**MATERIAL FOR THIS TASK**
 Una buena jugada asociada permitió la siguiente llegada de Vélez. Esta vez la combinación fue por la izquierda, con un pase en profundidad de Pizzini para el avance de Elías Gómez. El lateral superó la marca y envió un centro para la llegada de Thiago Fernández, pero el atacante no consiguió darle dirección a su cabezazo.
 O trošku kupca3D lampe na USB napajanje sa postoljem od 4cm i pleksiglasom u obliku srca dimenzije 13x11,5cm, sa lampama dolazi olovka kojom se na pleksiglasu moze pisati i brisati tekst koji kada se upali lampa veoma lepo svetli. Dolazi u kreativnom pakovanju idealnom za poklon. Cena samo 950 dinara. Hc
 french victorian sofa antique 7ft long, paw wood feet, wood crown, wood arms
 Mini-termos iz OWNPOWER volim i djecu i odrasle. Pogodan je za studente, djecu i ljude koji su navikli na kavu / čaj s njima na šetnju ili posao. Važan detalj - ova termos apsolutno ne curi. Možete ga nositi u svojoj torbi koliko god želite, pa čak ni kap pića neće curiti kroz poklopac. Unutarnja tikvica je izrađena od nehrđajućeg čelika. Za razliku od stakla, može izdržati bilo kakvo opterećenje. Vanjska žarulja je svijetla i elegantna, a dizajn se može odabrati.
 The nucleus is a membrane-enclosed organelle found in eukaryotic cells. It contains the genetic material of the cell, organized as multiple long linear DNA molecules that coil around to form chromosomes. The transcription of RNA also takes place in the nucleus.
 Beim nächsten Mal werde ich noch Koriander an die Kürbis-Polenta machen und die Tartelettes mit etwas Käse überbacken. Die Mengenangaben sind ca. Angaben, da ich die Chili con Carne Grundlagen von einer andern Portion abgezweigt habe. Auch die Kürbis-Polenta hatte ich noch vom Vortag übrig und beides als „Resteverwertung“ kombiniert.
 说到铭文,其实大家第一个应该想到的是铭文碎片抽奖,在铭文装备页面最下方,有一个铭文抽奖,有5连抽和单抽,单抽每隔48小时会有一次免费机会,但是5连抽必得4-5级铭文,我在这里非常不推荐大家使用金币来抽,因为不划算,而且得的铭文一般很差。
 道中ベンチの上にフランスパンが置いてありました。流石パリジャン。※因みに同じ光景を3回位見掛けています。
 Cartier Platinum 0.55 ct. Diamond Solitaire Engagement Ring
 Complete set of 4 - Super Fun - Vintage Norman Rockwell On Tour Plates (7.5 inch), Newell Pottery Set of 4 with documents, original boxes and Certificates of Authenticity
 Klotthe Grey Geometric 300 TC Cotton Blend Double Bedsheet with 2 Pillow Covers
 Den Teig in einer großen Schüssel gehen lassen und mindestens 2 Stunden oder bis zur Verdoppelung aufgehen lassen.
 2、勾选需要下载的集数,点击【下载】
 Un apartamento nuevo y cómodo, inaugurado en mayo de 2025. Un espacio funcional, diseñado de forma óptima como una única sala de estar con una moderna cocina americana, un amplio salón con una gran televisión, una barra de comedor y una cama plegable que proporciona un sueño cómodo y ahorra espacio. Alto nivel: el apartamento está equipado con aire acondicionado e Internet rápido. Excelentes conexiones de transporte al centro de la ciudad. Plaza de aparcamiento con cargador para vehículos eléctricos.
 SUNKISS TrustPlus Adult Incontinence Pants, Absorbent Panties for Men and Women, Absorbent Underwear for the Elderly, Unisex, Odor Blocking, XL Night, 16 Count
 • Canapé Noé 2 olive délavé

**TASK GOAL**
Extract exactly and only the lines above from the line containing "The nucleus is" through the line containing "Cartier Platinum 0.55", both end lines included.

**EXERCISE RESULT**
 The nucleus is a membrane-enclosed organelle found in eukaryotic cells. It contains the genetic material of the cell, organized as multiple long linear DNA molecules that coil around to form chromosomes. The transcription of RNA also takes place in the nucleus.
 Beim nächsten Mal werde ich noch Koriander an die Kürbis-Polenta machen und die Tartelettes mit etwas Käse überbacken. Die Mengenangaben sind ca. Angaben, da ich die Chili con Carne Grundlagen von einer andern Portion abgezweigt habe. Auch die Kürbis-Polenta hatte ich noch vom Vortag übrig und beides als „Resteverwertung“ kombiniert.
 说到铭文,其实大家第一个应该想到的是铭文碎片抽奖,在铭文装备页面最下方,有一个铭文抽奖,有5连抽和单抽,单抽每隔48小时会有一次免费机会,但是5连抽必得4-5级铭文,我在这里非常不推荐大家使用金币来抽,因为不划算,而且得的铭文一般很差。
 道中ベンチの上にフランスパンが置いてありました。流石パリジャン。※因みに同じ光景を3回位見掛けています。
 Cartier Platinum 0.55 ct. Diamond Solitaire Engagement Ring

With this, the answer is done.